At every moment he expected to see Him
released and protected by divine power, as had been done in the past.
But as the hours went by, and Jesus quietly submitted to all the
indignities that were heaped upon Him, a terrible fear came to the
traitor, that he had indeed betrayed his Master to His death.
As the trial drew to a close, Judas could
endure the torture of his guilty conscience no longer. All at once there
rang through the hall a hoarse voice, which sent a thrill of terror to
the hearts of all present:
"He is innocent. Spare Him, O Caiaphas.
He has done nothing worthy of death!"
The tall form of Judas was seen pressing
through the startled crowd. His face was pale and haggard, and large
drops of sweat stood on his forehead. Rushing to the throne of judgment,
he threw down before the high priest the pieces of silver that had been
the price of his Lord's betrayal.
He eagerly grasped the robe of Caiaphas,
and begged him to release Jesus, declaring that He had done no wrong.
Caiaphas angrily shook him off, and said with scorn:
"What is that to us? See thou to that."
Judas then threw himself at the Saviour's
feet. He confessed that Jesus was the Son of God, and begged Him to
deliver Himself from His enemies.
The Saviour knew that Judas did not
really repent for what he had done. The false disciple feared that
punishment would come upon him for his terrible deed; but he felt no
real sorrow because he had betrayed the spotless Son of God.
Yet Christ spoke to him no word of
condemnation. He looked with pity upon Judas, and said:
"For this hour came I into the world."
A murmur of surprise ran through the
assembly. With amazement they beheld the forbearance of Christ toward
Judas saw that his entreaties were in
vain, and he rushed from the hall, crying:
"It is too late! It is too late!"
He felt that He could not live to see
Jesus crucified, and in despair went out and hanged himself.
Later that same day, on the road from
Pilate's judgment hall to Calvary, the wicked throng were leading the
Saviour to the place of crucifixion. Suddenly there came an interruption
to their shouts and jeers.
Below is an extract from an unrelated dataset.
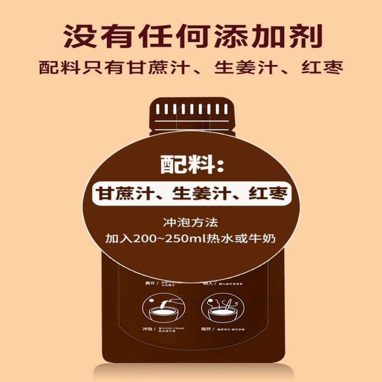 【中国直送】雲陰烏足オリジナル生姜ナツメ茶 黒砂糖と生姜入り 子宮・体・肌を温める生理健康茶(25ml×6袋)

As they passed a retired spot, they saw at
the foot of a lifeless tree the dead body of Judas.
It was a revolting sight. His weight had
broken the cord by which he had hanged himself to the tree. In falling,
his body had been horribly mangled, and the dogs were now devouring it.
His remains were immediately buried out
of sight; but there was less mockery, and many a pale face revealed the
fearful thoughts within. Retribution seemed already to be visiting those
who were guilty of the blood of Jesus.